The first number in our sample names (see Table 1) always refers to the stone from which the sample was obtained. If this number is followed by a letter, this signifies samples taken from separate sample cans or samples preselected for a specific phase. If multiple, unbiased samples were made from a given specimen, they are designated with a final number.

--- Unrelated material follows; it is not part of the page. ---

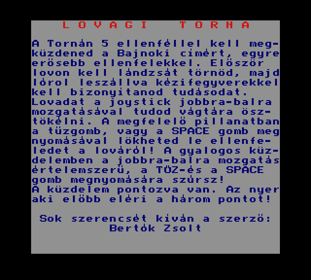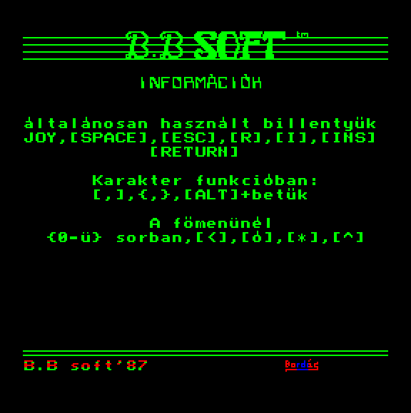 | Barbár Készítette: Bagi László (Cápasoft)(????) Típus: Játék - Ügyességi - Lövöldözős Fájlok száma: 1 Letöltés: barbar.zip Leírás: - |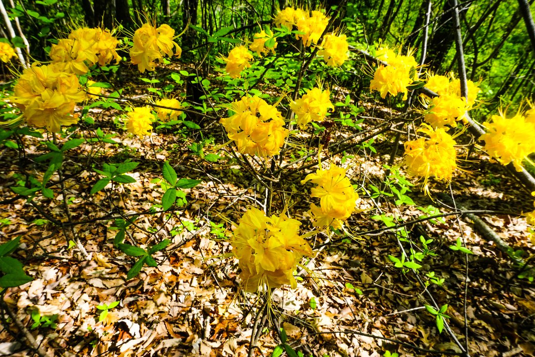 Our trails are bursting with color, including this early Flame Azalea. In our region of the Blue Ridge Mountains and Pisgah National Forest, a variety of rhodendron is in bloom now through the end of June, some at the higher elevations will bloom into early July. Elevations above 3,000 feet provide ideal blooming conditions for native rhododendron. Our website includes area trails and waterfalls. Join us for a day outside!

It is worth noting that the olivine-pigeonite aggregates in ureilites are typically 0.1–2.0 mm in diameter with an average of about 1 mm (see Berkley 1986), but domains as large as 7 mm have been reported. While the material in Almahata Sitta #7 is anomalously fine-grained, this may not be true for all the stones from which samples were obtained. In addition, many samples contained larger, individual mineral grains within the matrix. Thus, there exists the possibility that some of the samples described above could be dominated by local heterogeneities and thus fail to be representative of the original stone as a whole. Where possible, we have prepared and measured multiple samples from the same stone (see Table 1, denoted by subsample numbers #1, #2, etc.) to help assess the extent of this issue.

Sample Preparation

The majority of the samples were prepared using the standard KBr pellet techniques described in Sandford (1984, 1993). In most cases, every attempt was made to pick relatively uniform aliquots from each of the available meteorite samples. In a few cases, as indicated in Table 1, an attempt was made to select a sample that was dominated by a particular phase. For example, sample 32B#2 consisted solely of green crystals selected from the larger 32B stone. Typically, samples of a few mg were mixed with 100 times their mass of KBr (Sigma-Aldrich, St. Louis, MO, 99+%, FT-IR grade) and then ground mechanically for 2 min in an all-steel ball mill. Approximately 100 mg of the resulting powder was then compressed in a 1.5 cm diameter die at 1.1 × 108 Pa for 1 min to make a thin pellet suitable for IR transmission measurements. The resulting variability in sample density and column depth between the various meteorite samples is expected to be on the order of 1% (Table 1). While the column density of the material in the KBr pellets was very uniform, the pellet colors were not. Individual pellet colors ranged from near-white to near-black. The grayscale color of the pellets was determined by comparing each pellet to a grayscale “key” (see Table 1), with an error of ±1 on this scale.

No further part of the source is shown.